In your package.json file, include the following config and start script to run your proxy server locally.

{
	"name": "..",
	...,
	"main": "dist/proxy.js",
	"type": "module",
  "scripts": {
		"build": "tsc",
    "start": "npm run build && node -r dotenv/config dist/proxy.js",
    "dev": "tsc -w",
    ...
  },
	...
}

In your terminal, start your proxy server by running the following command.

npm run start

Run your OpenWebUI instance pointing to our proxy service as the Ollama Base URL.

Finally, update your Open WebUI configuration to point to this proxy and run your OpenWebUI instance!

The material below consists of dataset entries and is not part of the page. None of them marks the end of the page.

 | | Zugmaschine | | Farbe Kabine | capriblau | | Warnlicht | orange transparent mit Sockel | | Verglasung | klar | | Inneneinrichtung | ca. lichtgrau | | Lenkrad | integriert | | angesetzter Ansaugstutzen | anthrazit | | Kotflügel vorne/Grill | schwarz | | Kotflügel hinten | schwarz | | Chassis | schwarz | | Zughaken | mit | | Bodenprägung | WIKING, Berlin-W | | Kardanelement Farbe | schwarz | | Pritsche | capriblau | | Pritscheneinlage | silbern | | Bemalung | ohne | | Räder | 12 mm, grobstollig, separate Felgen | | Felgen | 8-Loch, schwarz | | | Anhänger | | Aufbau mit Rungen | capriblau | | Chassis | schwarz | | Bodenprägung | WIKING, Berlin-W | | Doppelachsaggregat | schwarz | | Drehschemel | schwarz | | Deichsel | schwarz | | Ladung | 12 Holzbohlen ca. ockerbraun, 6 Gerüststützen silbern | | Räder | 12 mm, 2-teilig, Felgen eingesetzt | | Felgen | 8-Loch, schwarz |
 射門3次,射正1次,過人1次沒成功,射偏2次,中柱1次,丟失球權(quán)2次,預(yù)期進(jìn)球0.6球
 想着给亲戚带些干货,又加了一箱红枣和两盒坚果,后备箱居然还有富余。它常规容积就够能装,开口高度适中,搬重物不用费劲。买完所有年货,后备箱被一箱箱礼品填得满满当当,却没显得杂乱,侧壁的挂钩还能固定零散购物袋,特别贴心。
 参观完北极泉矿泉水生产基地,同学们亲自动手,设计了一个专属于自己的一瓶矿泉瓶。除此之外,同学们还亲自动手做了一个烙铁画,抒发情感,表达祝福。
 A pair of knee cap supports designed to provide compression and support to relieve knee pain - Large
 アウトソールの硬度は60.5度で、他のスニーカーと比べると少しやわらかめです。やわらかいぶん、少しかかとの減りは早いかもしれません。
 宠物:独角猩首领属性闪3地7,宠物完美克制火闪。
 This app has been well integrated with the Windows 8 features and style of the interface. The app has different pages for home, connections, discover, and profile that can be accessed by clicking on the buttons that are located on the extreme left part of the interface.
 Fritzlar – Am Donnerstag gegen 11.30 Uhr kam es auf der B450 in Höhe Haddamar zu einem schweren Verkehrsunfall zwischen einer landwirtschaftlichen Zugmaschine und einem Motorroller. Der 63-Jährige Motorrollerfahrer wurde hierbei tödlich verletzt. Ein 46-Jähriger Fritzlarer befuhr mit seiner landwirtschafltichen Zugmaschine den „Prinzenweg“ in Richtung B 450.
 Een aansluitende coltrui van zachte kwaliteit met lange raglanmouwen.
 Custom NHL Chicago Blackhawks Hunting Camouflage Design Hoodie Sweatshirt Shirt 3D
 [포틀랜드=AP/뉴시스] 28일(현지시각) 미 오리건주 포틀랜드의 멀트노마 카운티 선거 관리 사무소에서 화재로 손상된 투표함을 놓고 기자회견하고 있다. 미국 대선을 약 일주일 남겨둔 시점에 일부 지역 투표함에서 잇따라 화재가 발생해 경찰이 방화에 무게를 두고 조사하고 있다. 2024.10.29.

# Run Open WebUI using the proxy as the LLAMA base URL
docker run -d -p 3000:8080 --add-host=host.docker.internal:host-gateway -e OLLAMA_BASE_URL="http://host.docker.internal:3100" -v open-webui:/app/backend/data --name open-webui --restart always ghcr.io/open-webui/open-webui:main

Step 3: Verify Your Monitoring Setup

Once your proxy server is running and Open WebUI is configured to use it:

Open your Helicone dashboard
Go to the Requests tab
Make a few test queries in your Open WebUI interface
Confirm that requests appear in your Helicone dashboard

You should see your Llama model requests being logged, along with their full prompts and responses.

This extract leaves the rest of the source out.